In Pushpin Visual Solutions, we apply our expertise in design in order to explain things digitally. Our purpose is clarity. We turn text heavy documents into easy to read visuals. We focus on learning and education. We help build cultures by putting their values into action. In the pandemic, we have helped a lot of advocacy groups and companies tell their stories so that their customers can understand what our clients want them to understand. Through all of our experiences, I have seen glimpses of the type of impact we can make – in a way, we are able to help design for our audience so that they reach their aha moments and breakthroughs.
The question that bugs me is: how might we leverage stories to help create a better world? First, stories can help people imagine beyond their status quo. Stories help foster empathy and compassion. Stories can help with healing by processing experiences whether it is a good or bad experience. Another question that bugs me is: what if I can create a platform that tells stories for kids, made by kids, and is brought to life by professional artists? My sense is that, as early as now, if we can foster the impact and power of stories from kids, it can make an exponential impact.
I think schools and homeschoolers might need our platform to teach kids soft skills such as empathy and compassion. In an increasingly automated environment, learning soft skills is very important. Whether it’s the influence that social media has or it’s the toxicity of political discourse, I see a fundamental lack of empathy for others and we forget the fact that our opposition are still human beings. The tools that were supposed to connect us to each other also divides us and sets us back. As a parent, I don’t want my kid to be in this type of environment.
I want to see students be more empathetic and compassionate. What does that mean? This pertains to the quality of stories that they write. If upper middle class homeschooled students read stories about children of the same age under the poverty line, then hopefully that broadens their horizon and point of view, and hopefully cultivates this sense of empathy and compassion. Furthermore, what does this increase of empathy and compassion might look like? Perhaps, fewer suicides and bullying cases. Experts suggest that among 13-17 year olds, 1 in 10 kids have considered suicide in their lifetime. Furthermore, 6 out of 10 students experience bullying. These are staggering numbers, and it’s worth using innovation to bring those numbers down.
I want to be able to create a platform that allows privileged kids to share stories with socioeconomically disadvantaged children. This would hopefully cultivate empathy and compassion in a sense that these privileged kids will be immersed in the lives of underprivileged kids.

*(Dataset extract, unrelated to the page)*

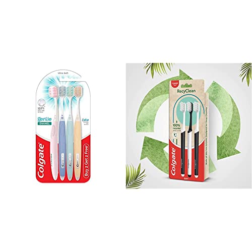 Colgate Gentle Enamel Ultra Soft Bristles Toothbrush 4 Pcs (Buy2 Get 2) Soft Bristles for Enamel CareColgate Introduces Its New Range Of Ultra-Soft Toothbrushes  Colgate Gentle. This Range Has Been Specially Designed With Dentists To Offer The Gentlest Care For Your Teeth And Is Endorsed By The Indian Dental Association. Tooth Enamel Is The Hardest Substance In The Human Body. It Protects Our Teeth From Decay Wear And Acidic Substances. Once Your Tooth Enamel Is Damaged It Cannot Be Replaced. Therefore Using A Toothbrush Which Is Gentle On Your Teeth Is Important To Protect Enamel. Colgate Gentle Enamel Toothbrush Is A Super-Soft Toothbrush With 150% More Soft Slim Tip Bristles Which Wrap Around Teeth Enabling Complete Gentle Protection. Made Especially For Sensitive Teeth Colgate Gentle Enamel Care Toothbrush Comes With Dual Bristle Technology To Better Fit And Clean Your Tooth Surface. The Outer Layer Is Softer For Comfortable Protection While The Inner Layer Is Firmer For Better Cleaning. The Wide Brush Head Provides Greater Coverage Has 6X Deeper Reach And The Flexible Neck Reduces Pressure On Your Gums. Experience The Gentlest And Superior Care With Colgate Gentle Enamel ToothbrushesColgate RecyClean Toothbrush Planet Friendly Recycled 3 PcsNow the Earth will smile every time you smile. With the Colgate RecyClean Soft Toothbrush made from recycled plastic. The handle of this toothbrush is comfortable and comes with a skidproof thumb grip. It is made of plant-based bristles which are BPA free. The compact head is designed for a better reach with a power tip trim for deep cleaning. The toothbrush comes in recycled packaging too. Do your bit for the environment with the Colgate RecyClean Soft Toothbrush

We have to trust the processes we have at our disposal – processes are good because they help you evolve. And don’t be afraid to fail because failure is part of learning and gaining new perspectives from experiences of failure.
The architecture of a solution emerges from brainstorming and sharing different solutions with others.

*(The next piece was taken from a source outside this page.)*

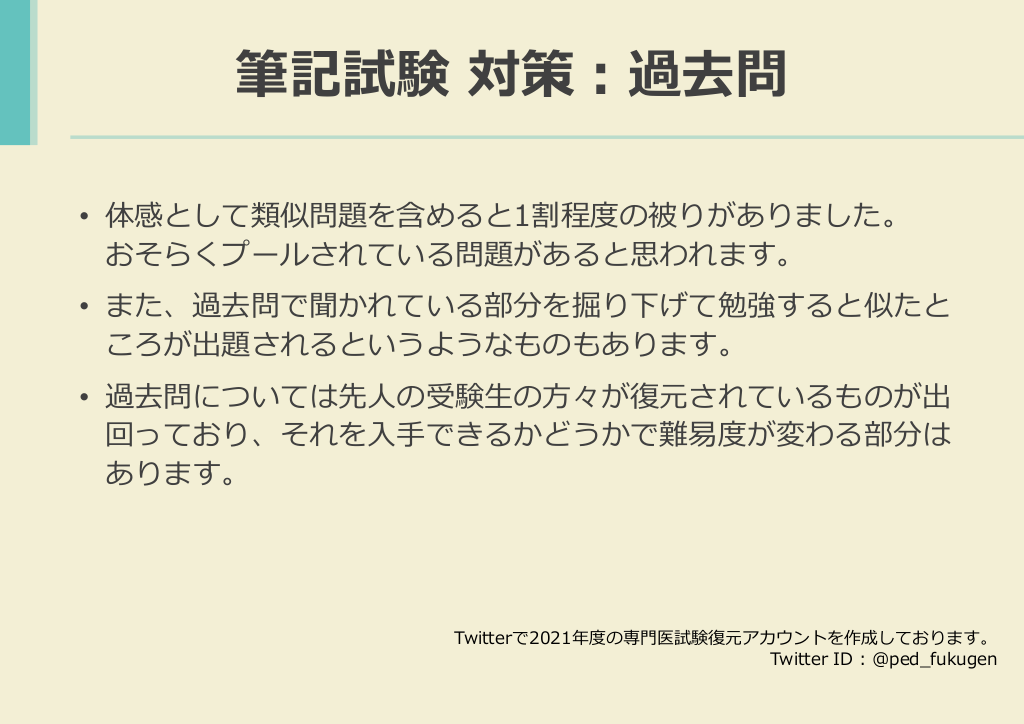 #18. 筆記試験 対策:過去問 • 体感として類似問題を含めると1割程度の被りがありました。 おそらくプールされている問題があると思われます。 • また、過去問で聞かれている部分を掘り下げて勉強すると似たと ころが出題されるというようなものもあります。 • 過去問については先人の受験生の方々が復元されているものが出 回っており、それを入手できるかどうかで難易度が変わる部分は あります。 Twitterで2021年度の専門医試験復元アカウントを作成しております。 Twitter ID : @ped_fukugen

It is easy to come up with solutions if we have a focused Delta Statement. Given all these solutions, the challenge now is how to come up with an actionable change? How do we connect our ideas so that they fit the Delta statement?
The list of solutions will show a pattern or an emerging theme. This pattern should then be validated against the delta statement to see if the puzzle fits. If it does not, how do you build on it?
The Delta Statement is important because it will serve as our true north when innovating. Also, when generating possible solutions, we can use good ideas to build better ones. Use the not-so-good ideas to ask more questions, or to come up with more questions to understand if our ideas fit the solution.
Empathy compels. Compelling storytelling is what can impact the lives of these kids for the better, because with those stories, come a deeper empathy and understanding for the pains that only underprivileged kids will ever experience. What Elbert is working towards is to open the eyes of the privileged kids through the power of rich storytelling.